• What the exercise asks
Reproduce only this range: the line holding "A Decathlon Ajándékkártya" through the last line of the data below, both included, exactly, with no pictures.

• Source material
[Start of section]

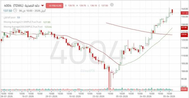 سهم "دله الصحية": تحسن فني مع اختبار حاجز نفسي هام, اليوم الاثنين 6 أبريل 2026 01:17 مساءً
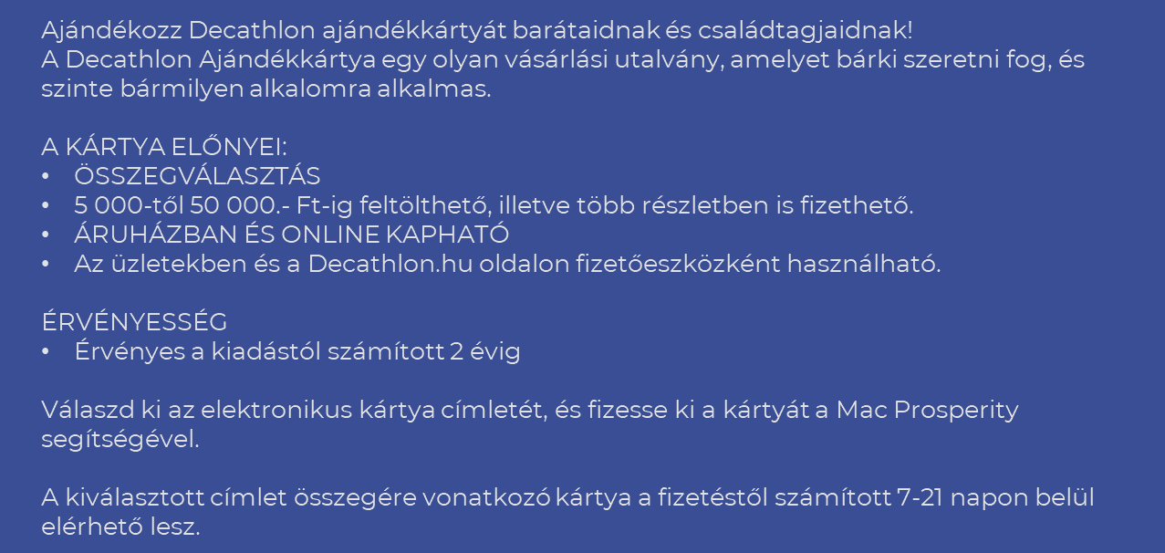 A Decathlon Ajándékkártya egy utalvány 30% kedvezménnyel a Decathlon üzletláncban sportszer, ruházat és lábbeli vásárlására.
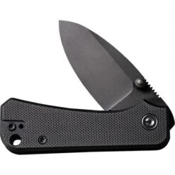 Model – CIVC19068S2. Civivi 19068S2 – Baby Banter Linerlock Black. 3.13″ (7.95cm) closed. 2.25″ (5.72cm) black stonewash finish Nitro V steel blade. Black G10 handle. Lanyard hole. Pocket clip. Thumb stud. Black nylon zippered storage case. Boxed. Made in China.

[End of section]

• Finished exercise
 A Decathlon Ajándékkártya egy utalvány 30% kedvezménnyel a Decathlon üzletláncban sportszer, ruházat és lábbeli vásárlására.
 Model – CIVC19068S2. Civivi 19068S2 – Baby Banter Linerlock Black. 3.13″ (7.95cm) closed. 2.25″ (5.72cm) black stonewash finish Nitro V steel blade. Black G10 handle. Lanyard hole. Pocket clip. Thumb stud. Black nylon zippered storage case. Boxed. Made in China.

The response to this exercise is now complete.